Make a prediction on the provided dataset and compute the following values:
- True Positives
- True Negatives
- False Positives
- False Negatives

In [10]:
# TODO: makethe prediction for all the samples in the validation set.
processed_dataset = PreprocessDataset("data/dataset.hdf5")
for i in range(processed_dataset.__len__()):
    data, label = processed_dataset.__getitem__(i)
    prediction = model(data)

# todo: compute true positives, true negatives, false postives and false negatives.
    
FN = 0
FP = 0
TP = 0
TN = 0
for i in range(processed_dataset.__len__()):
    data, label = processed_dataset.__getitem__(i)
    prediction = model(data)
    if prediction > 0.5:
        if label : 
            TP+=1
        else:
            FP+=1
    else:
        if label:
            FN+=1
        else:
            TN+=1



In [11]:
print(f"The number of false positive is {FP}")
print(f"The number of false negative is {FN}")
print(f"The number of true positive is {TP}")
print(f"The number of true negative is {TN}")
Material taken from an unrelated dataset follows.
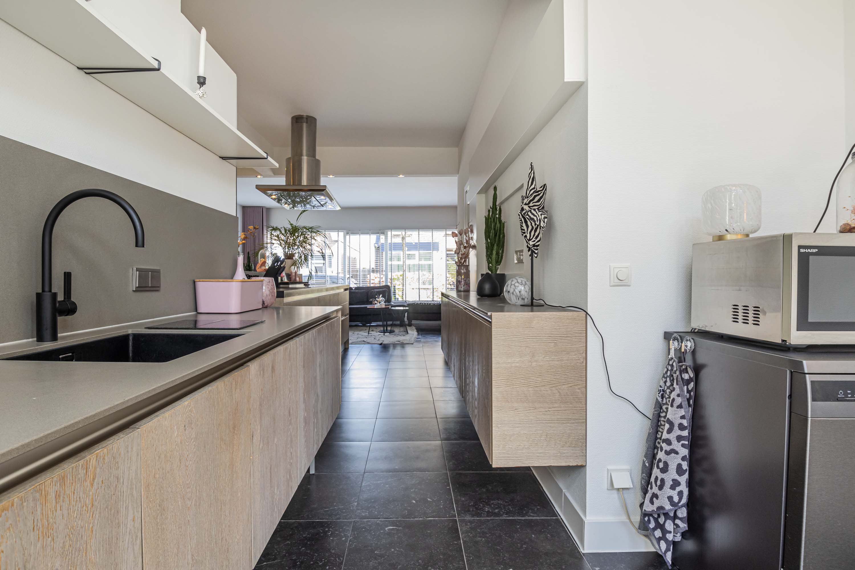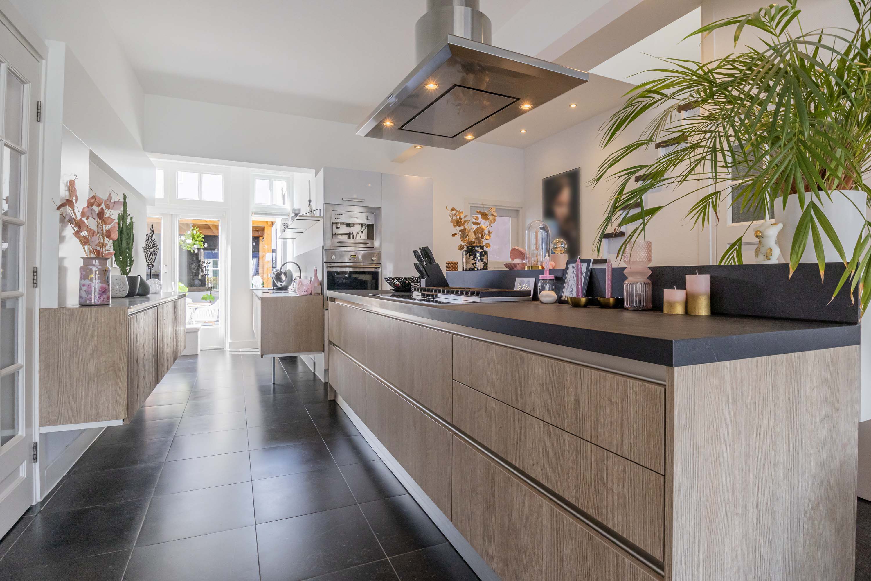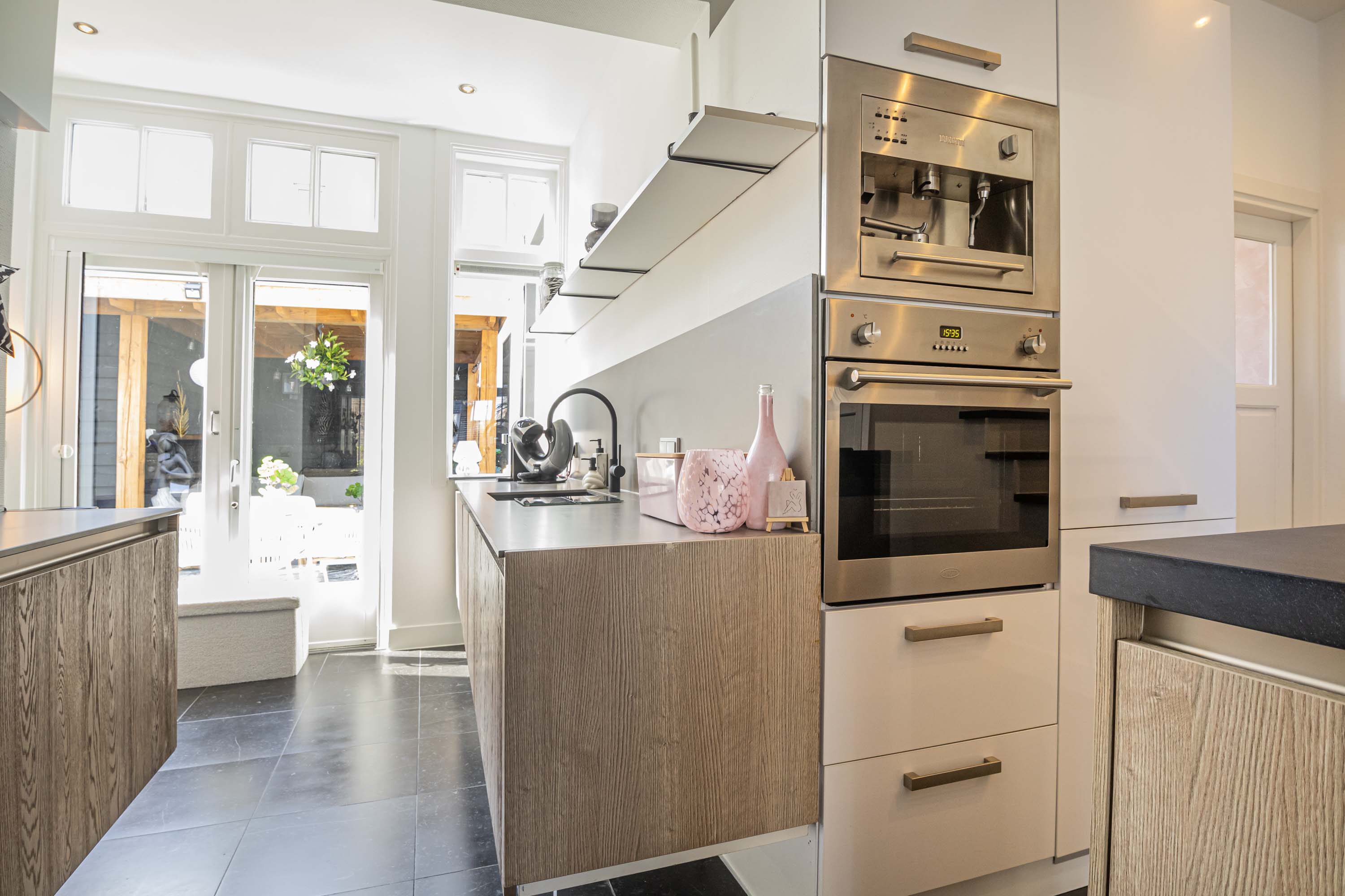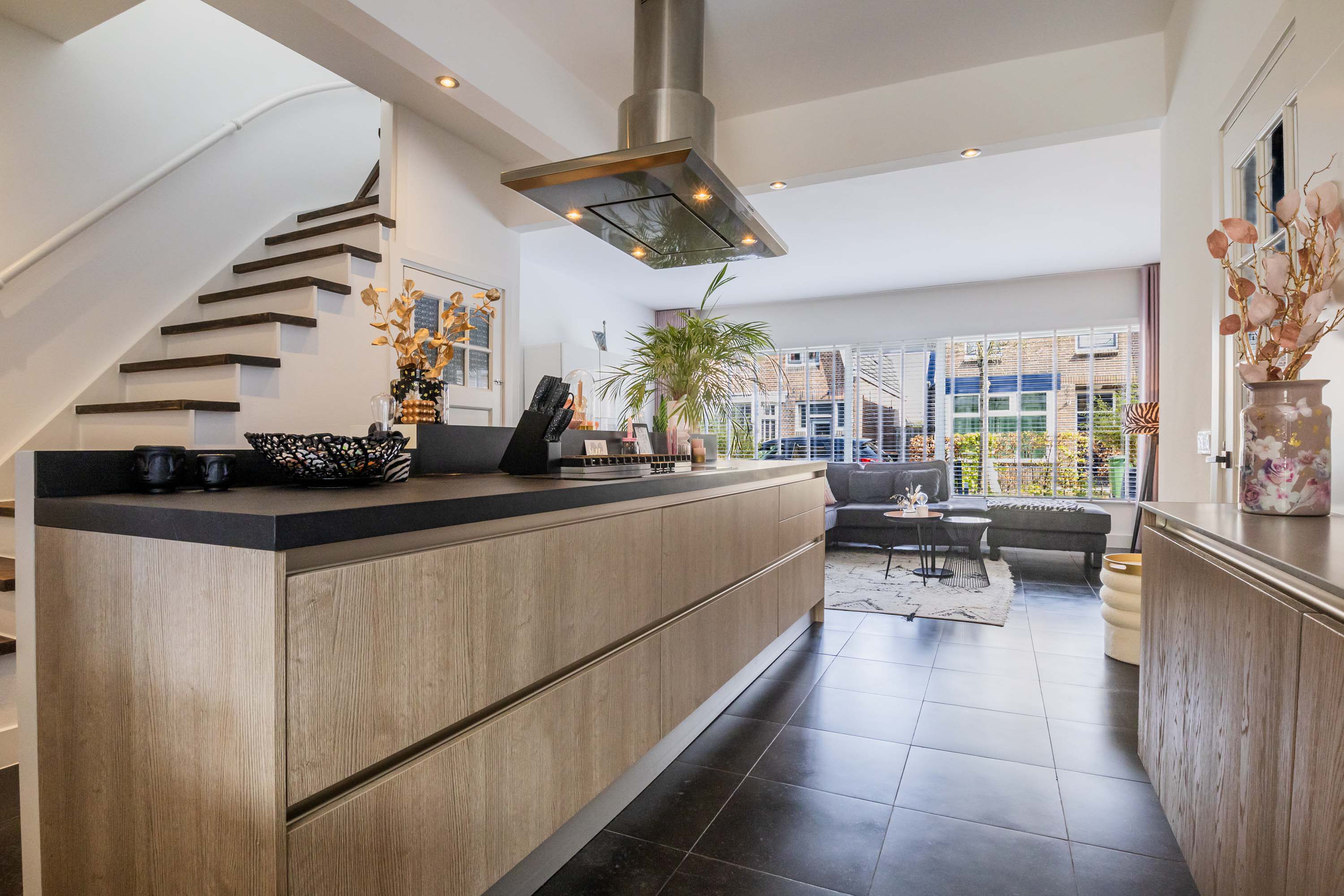 Aan de zijkant van de woning bevindt zich de entree, waar je binnenkomt in de hal met direct toegang tot het toilet. Loop je verder, dan kom je in de stijlvolle keuken waar een prachtig kookeiland centraal staat. Deze keuken loopt door tot aan de openslaande deuren naar de tuin, waardoor je tijdens het koken niet alleen geniet van het uitzicht op buiten, maar ook gezellig in contact blijft met iedereen in de woonkamer. Het kookeiland en de open indeling maken deze keuken echt het kloppende hart van het huis.
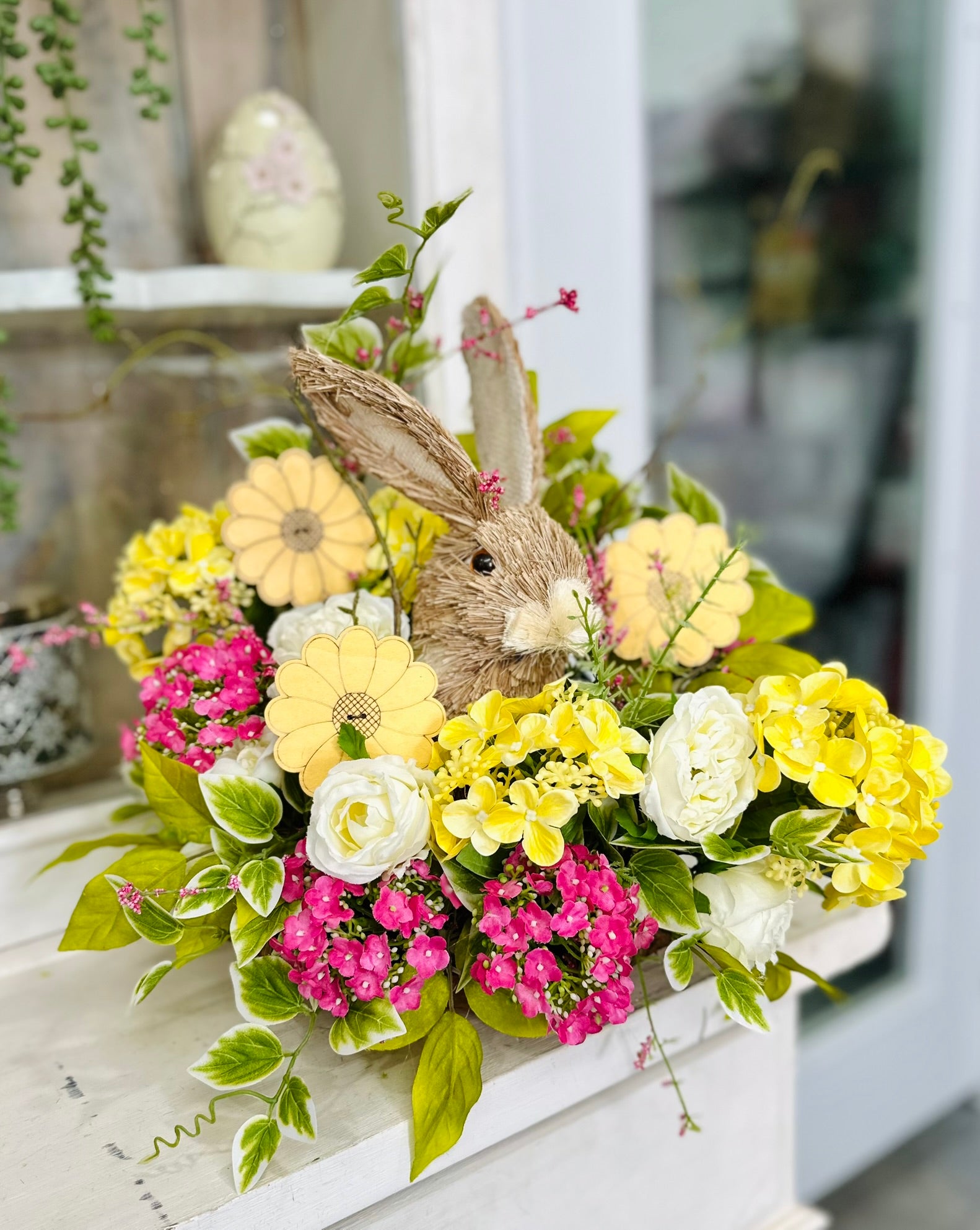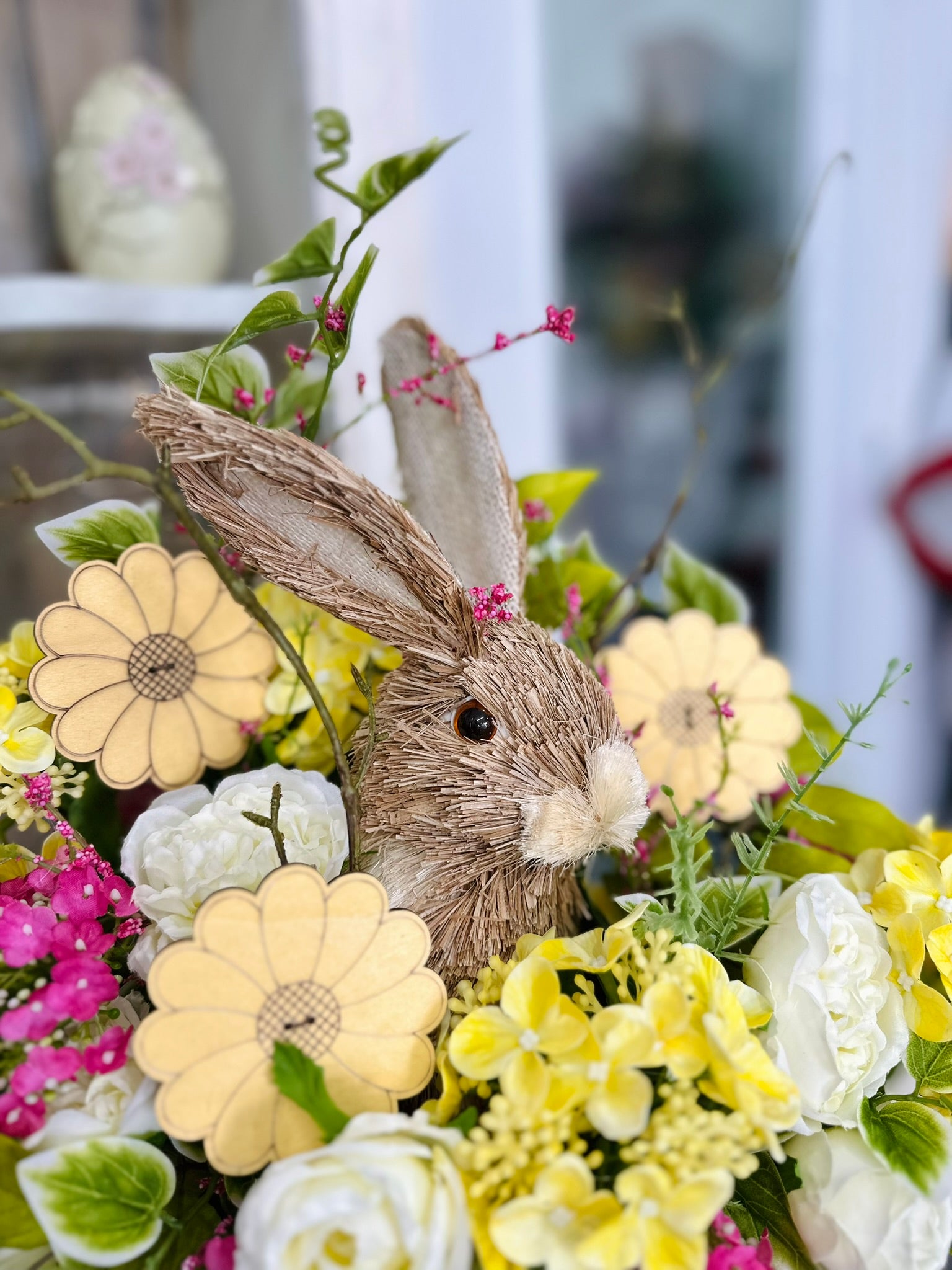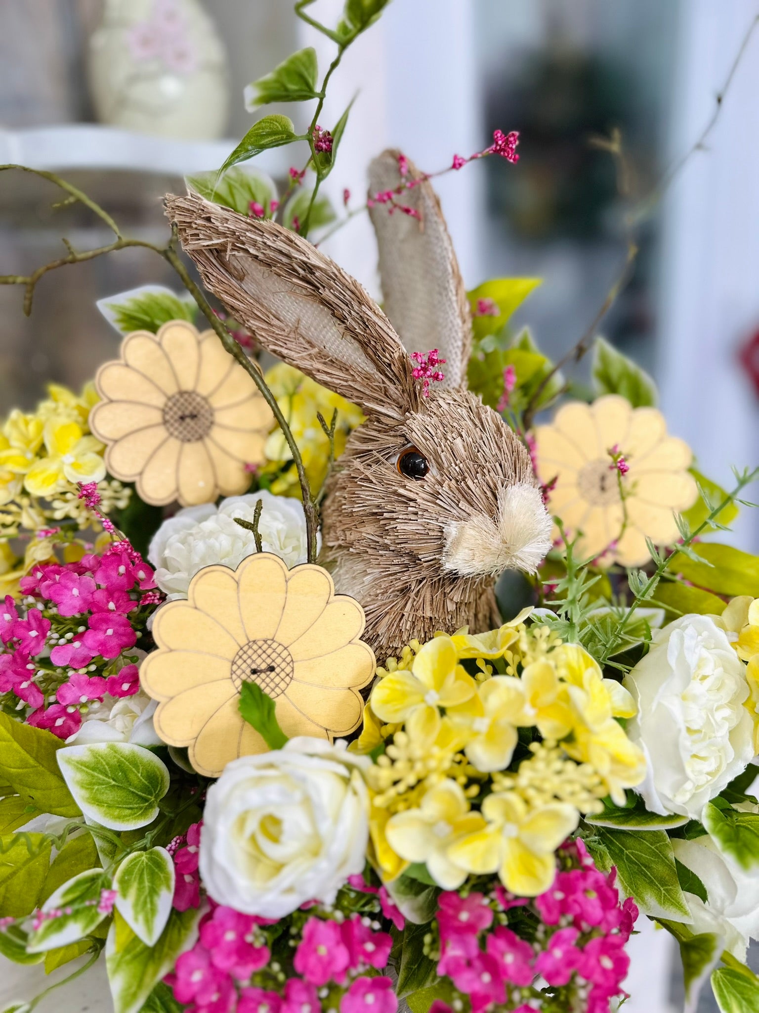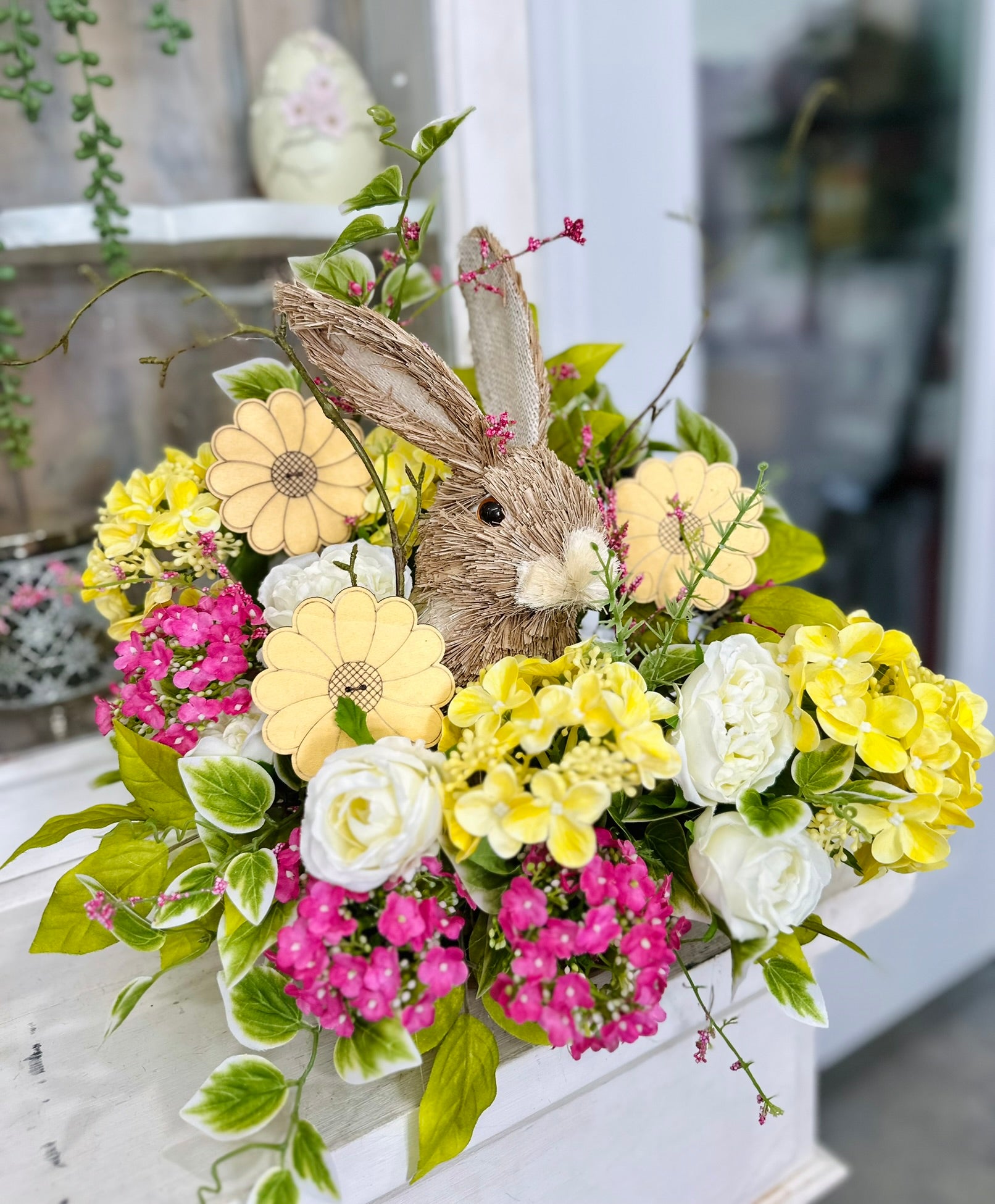 Materials: Artificial flowers, faux twigs, wooden daisy sprays, Sisal bunny, artificial greenery

The number of false positive is 1
The number of false negative is 263
The number of true positive is 20
The number of true negative is 716


### *Task 6*

Compute the corresponding performance metrics **manually** (do not use PyTorch's predefined metrics):
- Accuracy
- Precision
- Recall
- F1

In [12]:
# TODO: calculate accuracy
accuracy = (TP + TN) / (TP + TN + FP + FN) if (TP + TN + FP + FN) > 0 else 0
# TODO: calculate precision
precision = TP / (TP + FP) if (TP + FP) > 0 else 0
# TODO: calculate recall
recall = TP / (TP + FN) if (TP + FN) > 0 else 0
# TODO: calculate F1-score
f1_score = (2 * precision * recall) / (precision + recall) if (precision + recall) > 0 else 0

In [13]:
print(f"Accuracy: {accuracy}" )
print(f"Precision: {precision}")
print(f"Recall: {recall}")
print(f"F1 Score: {f1_score}")

Accuracy: 0.736
Precision: 0.9523809523809523
Recall: 0.0706713780918728
F1 Score: 0.13157894736842105


### *Task 7*

Based on your performance metrics, answer the following questions:

- Explain the impact of accuracy vs. F1 score.
- In this particular problem, which metric one should focus more on?
- Is there a better metric suitable for the use case of vulnerability prediction? Why?


Accuracy mesures the overall performance of a model whereas F1 score focuses on the impact of false positive and false negative.
In this problem, there is a huge impact in case of false negative sample because that leads to a vulnerable system. Thus, F1 is more appropriate.